Не сказать, что отца в Гори не любили. Скорее, к нему относились равнодушно. И когда он проходил мимо какой-либо компании, углыхали голосами, ждали, когда Бесо удалится, и только после этого продолжали прерванный разговор, однако ни сказав о нем ни слова.
А вот его, Сосо, старики, которые чинно посиживали возле своих домов, приветствовали как доброго приятеля, присмыкивая козырьки фуражек или лобища папах, словно он был если не величина, то личность. Или, на худой конец, – начальство.
И Сосо это нравилось. И он улыбался внутрь себя. И шел далее более торжественным, вымывающим из-под себя ноги, шагом.
Всякий раз, как казалось Сосо, вечерность происходила с земли. Тени наливались более зримой густотой, выползали из тех укромий, в которых прятались целый день, и начинали медленно, как это делает вода, заливать окрестности. Хотя все пространство, что, поддержано небесным сиянием, продолжало сопротивляться нашествию тьмы.
На этот же раз завечерело с неба. Сперва загустело оно в зените, засинело и растекло тусклость по горизонту, придавило к земле все то, что собиралось стать зарею и потом – незаметно – взроило в вышине звезды.
Запахло укропом с огорода. И тут же чуть дохнуло прихолодью.

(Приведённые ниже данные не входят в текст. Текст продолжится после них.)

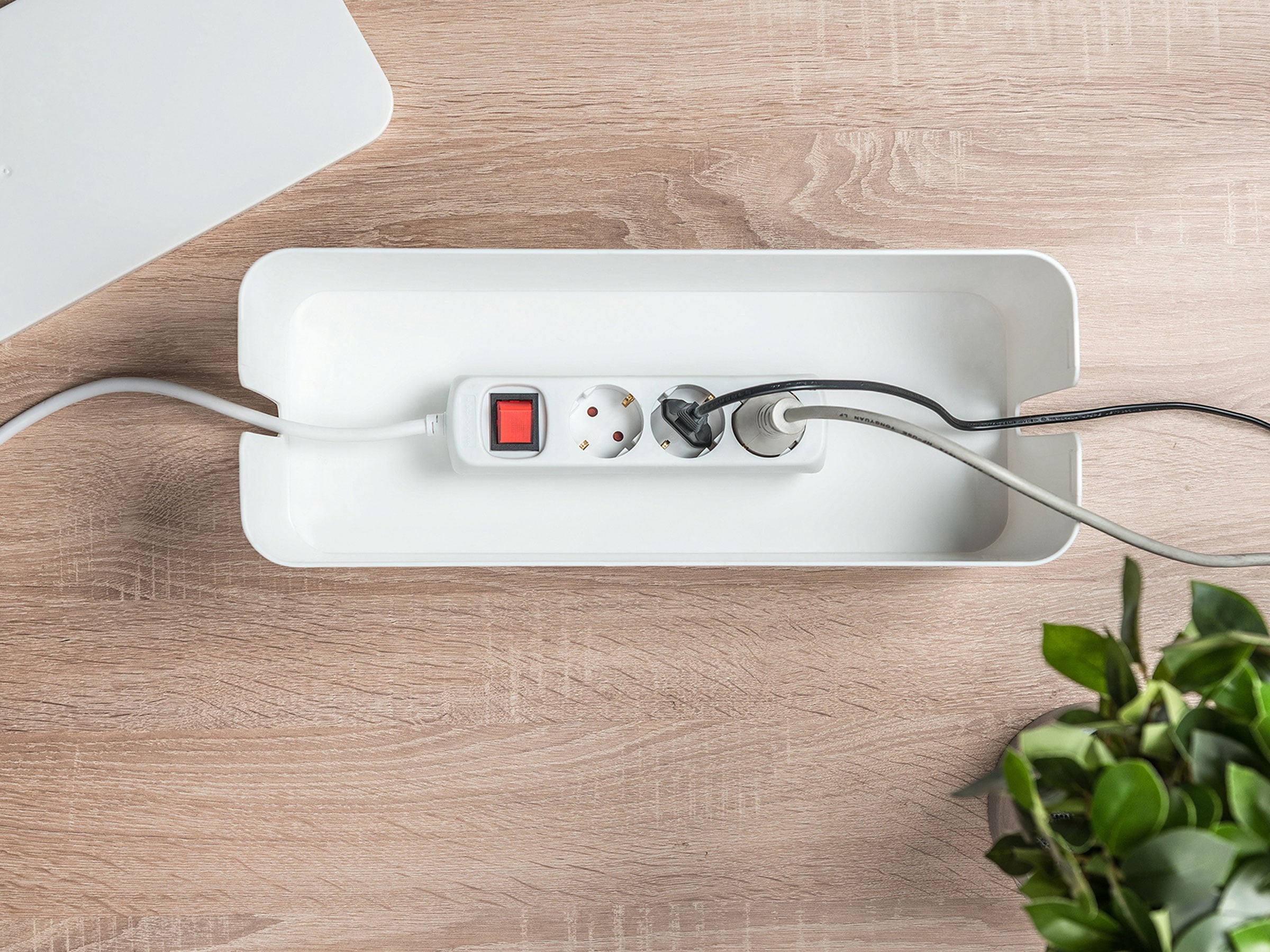 Har du en rörig hög med förlängningssladdar och kablar runt ditt skrivbord? Iiglos kabelhanteringsbox är en perfekt lösning för att hålla hemmet eller kontoret städat och organiserat! Lägg alla ledningar, förlängningssladdar och adaptrar i lådan och stäng locket för att dölja alla röriga kablar och skydda dem från damm och oavsiktligt vattenspill. Med sin minimalistiska design och vita finish passar den ihop med vilken inredning som helst. Få slut på kabelröran idag!

Сосо поежился. Он все еще держал лопату в руках, хотя не сделал ею ни одного копка. Потому как мысль о служивом перебил себе думой о Лермонтове. О поэте, который о горах написал так пронзительно и точно «кремнистый путь блестит». Сколько раз Сосо видел все это, и в груди шевелилось желание рассказать обо всем том стихами, но они застревали где-то между душой и чем-то тем, что не навяливается на язык назвать разумом. Ибо разум, считал Сосо, есть у людей, уже поживших на земле, ощутивших и горечь сладкого, и сладость горького. Это тоже сказал тот окопник. А для Сосо все пока пребывает в обыкновенной пресноте. В том однообразии, которое, как порой кажется, не имеет ни цвета, ни запаха, ни тепла, ни холода. Оно просто – пребывает. И этим все сказано. И в этом заложена та суть, которую в дальнейшем, став настоящим юношей, а потом мужчиной и стариком, надо будет расшифровать, развести по тем понятиям, которые и обернут в мудрость обыкновенную, ничего сейчас не значащую, простоту.

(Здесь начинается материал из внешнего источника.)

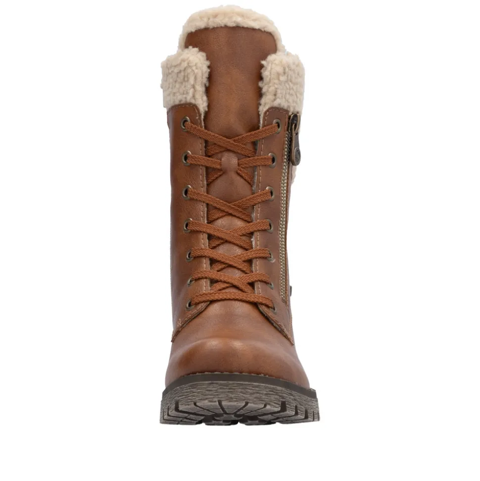Rieker vinterstøvle til dame i brun. Disse brune Rieker snørestøvler til damer er ikke kun stilfulde, men også utrolig funktionelle. Designet med materialer, der effektivt beskytter mod fugt, er de perfekte til alle vejrforhold. Støvlen er både fleksibel og robust, samtidig med at den tilbyder en fremragende pasform. På trods af lynlåsen kan støvlen nemt justeres med snørebåndene, hvilket gør den praktisk og alsidig. Det moderne design fuldendes af den varme krave med ægte pels, der tilføjer både stil og komfort. Sålens blokhæle giver et solidt greb, så du altid står fast, mens RiekerTEX-teknologien sammen med den fugtregulerende og varme Merinould sikrer en behagelig oplevelse under alle forhold. Oplev ægte bærekomfort og luksus med disse fantastiske støvler!

На этот раз отец колошматил мать за Давида Писмамедова. Тоже еврея. Только совсем нехитрого и очень душевного. Он не смотрел на мать как на прислужницу, хотя она и делала по дому всю черную работу. Он звал ее – сестра.
И это именно Писмамедов сказал:
– Вы – грузины – нежный народ. В вас живет боязнь Бога и непонимание опасности, которая вам угрожает от самих себя. А женщины ваши – сплошь поцелуйные создания.
Последняя фраза, конечно, насторожила. Ибо мать Сосо была тоже женщиной. И, как все говорили, чуть ли не самой красивой в Гори, ежели не сказать и дальше.
– И еще вам не хватает, – продолжил Давид, – это – стоп-слов.
– А что это за слова? – поинтересовался Сосо.
– Это, скорее, не слова, а молчание. Вы всегда взрываетесь, наговариваете друг другу кучу разных гадостей. А потом – песнями – отмаливаете грех своего недержания. Ты не заметил, что после ссоры грузины всегда поют?
Этого Сосо утверждать не мог. Ибо отец никогда не пел после ссоры. Вот до нее – случалось. Когда выпивал слишком много и потом – заплетающимся языком – пробовал взять на абордаж какую-нибудь неподатливую мелодию.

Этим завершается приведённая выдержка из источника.